# Tonight I'm gonna party like it's 1899!



## Dave (Oct 14, 2010)

Is this a fabulous idea, or is it a bit of a waste of money?

It is hardly cutting edge technology, but I find the idea interesting. 



> *Campaign builds to construct Babbage Analytical Engine*
> 
> By Jonathan Fildes Technology reporter, BBC News
> 
> ...


----------



## PTeppic (Oct 15, 2010)

I'd love to get ten thousand volunteers and try to build a "real" pyramid. But would take a LOT of money (and planning permission - so maybe somewhere not in the UK)


----------



## Dave (Oct 15, 2010)

PTeppic said:


> volunteers


It couldn't be done without slave labour. Health & Safety would make it impossible - too many deaths.

An Analytical Engine, conversely, ought to be easier. Modern machines with exact tolerances would make mass production of the parts simple.


----------



## chrispenycate (Oct 15, 2010)

I'm working on the screen driver card. In St.

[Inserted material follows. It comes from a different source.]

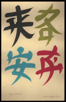 Fanciful CalligraphyShown here are two recent examples of Charles Skaggs’ lettering and use of stencils. “Latin Lark” is signed and dated April 2002; “Caprice Cantonese,” with invented Chinese characters, was completed in May of this year. |

Croix, in the Swiss Jura, there is a museum  of music boxes and automata, with a Pierrot holding a quill pen, which he dips into the ink, and handwrites one of a selection of different messages; all run on watch parts.

Certainly screen refresh is a touch slow, but he's entirely clockwork, and comes with a sound driver that plays "Au clair de la lune".

This was the only video I could find; I have a better one, but uploading it onto You-tube?

*_starts working on the tin can and taut string modem_*


Le Pierrot écrivain (vidéo) - Turbo.fr


----------



## J-WO (Oct 17, 2010)

A Victorian computer is all very well, but if you Googled for porn all you'd get would be table legs.


----------



## Dave (Oct 17, 2010)

J-WO said:


> A Victorian computer is all very well, but if you Googled for porn all you'd get would be table legs.


And ankles!

At least you wouldn't get spam for Telegrams and Liver Tonics.


----------



## PTeppic (Oct 17, 2010)

Dave said:


> At least you wouldn't get spam for Telegrams and Liver Tonics.



No, but just think of all the interesting things that WERE still for sale, instead, legally or semi-legally...


----------